Но блеск в глазах Губошлепа вдруг померк. Возвращая камень, он вздохнул:
– Только, ребята, вам придется восемь лет подождать… А может, и меньше. За хорошее поведение мне должны скинуть годика три…
– Это у кого хорошее поведение?.. – двусмысленно ухмыльнулся Гиря. – Мы, милый, ждать не можем. Понимаешь? Ну, никак невозможно подождать!
Бес, сидящий в Губошлепе снова выскочил не вовремя и не к месту:
– Ладно, давай камень, пойду вертухаям за мешок жратвы загоню…
И тут Губошлеп почувствовал, как что-то колючее уперлось под лопатку. Губы у него мгновенно отвисли, непослушный язык вывалился изо рта. Он попытался что-то сказать, но только протянул:
– А… нь-я…
Крыня ласково промурлыкал над ухом:
– Чегой-то он сильно смешливый, все шутит и шутит…
Гиря поморщился, сказал брезгливо:
– Убери заточку. Не будешь же ты его прямо здесь колоть…
– А чего с ним цацкаться? Он же видел камень, теперь нас сдаст…
– Все равно, не здесь… – мотнул головой Гиря. – В рабочей зоне лучше замочишь, или ночью, спицей в ухо…
Это спокойное обсуждение его судьбы доносилось до Губошлепа, словно сквозь вату. Он попытался подняться, но только поелозил непослушными ногами по полу. Несколько раз со стуком открыв и закрыв рот, наконец, хрипло выдавил:
– Чего вам надо?
– Чего нам надо? – Гиря смерил его насмешливым взглядом. – Прогуляешься с нами пешочком. Недалеко, всего тысченку верст, а потом покатим к твоим денежным дружкам. У Крыни два камешка. Один, поменьше, это который ты видел, другой – побольше. Так вот, маленький – вам с Хмырем, большой – нам с Крыней. Идет?
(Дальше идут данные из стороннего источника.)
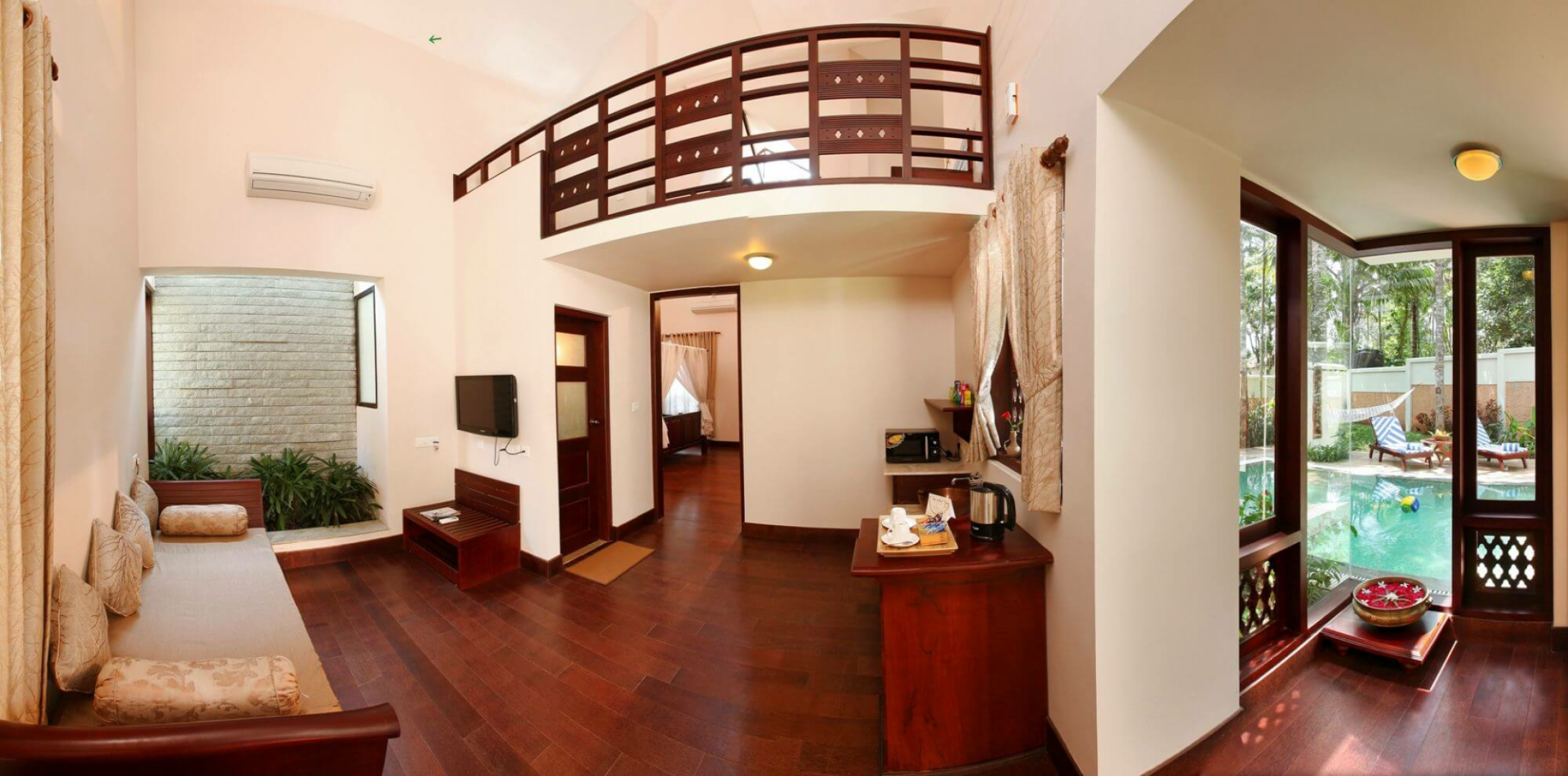 Der Innendekor ist raffiniert, der Empfang und der Service sehr aufmerksam, das Essen auf hohem Niveau. Es gibt auch einen schönen Pool und ein abendliches Unterhaltungsprogramm mit traditionellen Kerala-Tänzen. Die Suites mit privatem Pool sind der Hammer. Zu empfehlen!
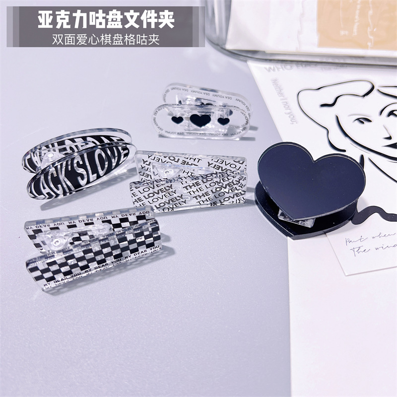 Ins棋盤格両面愛クリップシンプル英語アルファベットクリップppクリップアクリルファイル手帳クリップ
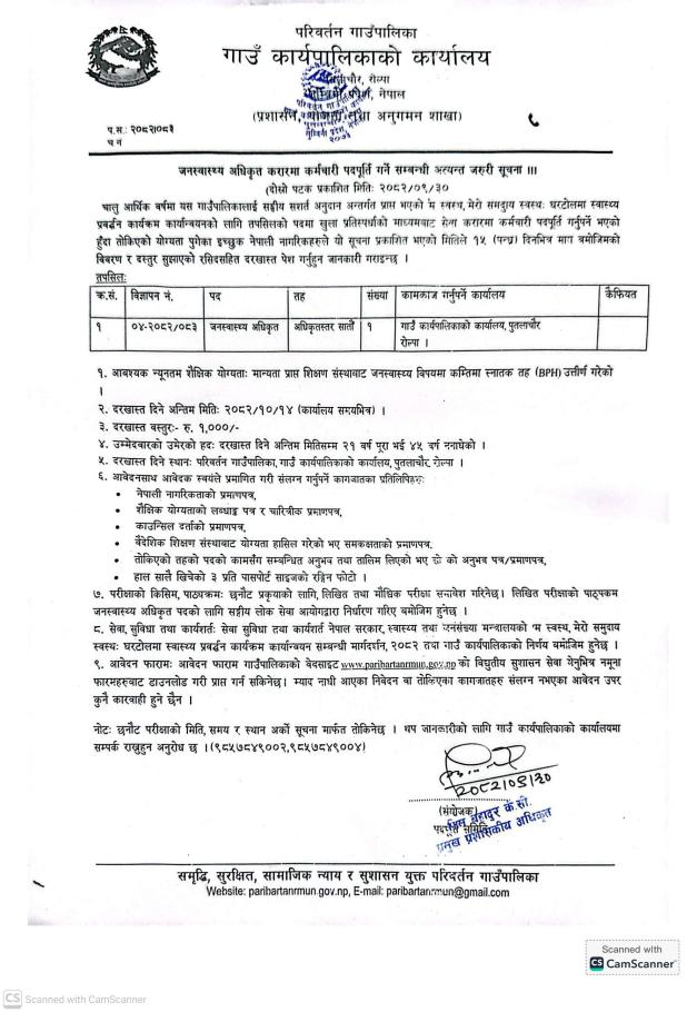 Home » जनस्वास्थ्य अधिकृत करार सेवाका लागि विज्ञापन

Жалко, заискивающе улыбаясь, Губошлеп попросил:
– Отпусти, Гиря, а?.. Я никому… Ни слова… Мы же вместе освобождаемся, приедете ко мне, все и обстряпаем…
Гиря с сожалением вздохнул:
– Я бы и рад посидеть, с такой заначкой можно… Да вот как Крыня? Камешки-то – его. А Крыня не может посидеть, легавые хвост прищемили, старые дела крутят… Вот и ты теперь не досидишь… Ты, шкура, завтра же побежишь к куму, нас сдавать, чтобы срок тебе скостили.
– Не побегу, Гиря! Матерью клянусь!
– Да мне-то что? Я тут сбоку припеку… Как Крыня?..
Крыня мрачно ухмыльнулся:
– Конечно, не побежишь. Ты, малый, уже отбегался…
Из глаз Губошлепа текли слезы, мокрые, слюнявые губы противно тряслись и подергивались. Гиря с любопытством смотрел на него. В который раз подивился; и почему люди обычно выделяют его, Гирю? Вот и сейчас, заточка у Крыни, а упрашивает и унижается Губошлеп перед ним, Гирей. Учесть это надо. В дальнейшей игре, которую задумал Гиря, надо как-то отодвинуться, уступить первенство Крыне, пусть все думают, что он главный организатор.
– Я пойду, Гиря, пойду… – с усилием выдавил из себя Губошлеп.
– Вот и хорошо. Пасти мы тебя будем, как следует, но даже если тебе удастся доползти до кума, тебя пришьют в ту же ночь, как только нас заметут.
– Я знаю…
– Через неделю уходим. Если бабки остались, держи при себе. Жратвы припаси, если сумеешь…
Глава 4
Проснулся Павел от назойливо звеневшего телефонного звонка. С трудом разлепив веки, вылез из постели, мельком глянул на часы, было уже одиннадцать, но он явно не выспался; голова побаливала, а в глаза, будто песка насыпали.
Взяв трубку, он недовольно спросил:
– Кого Бог послал в такую рань?
– Здорово, Паша! – послышался жизнерадостный голос Димыча. – Это для тебя рань?! Когда я уже полдня на работе?.. Хотел бы я тоже быть писателем…
– Хочешь быть писателем, будь им! – проворчал Павел. – Чего звонишь-то, что-нибудь случилось?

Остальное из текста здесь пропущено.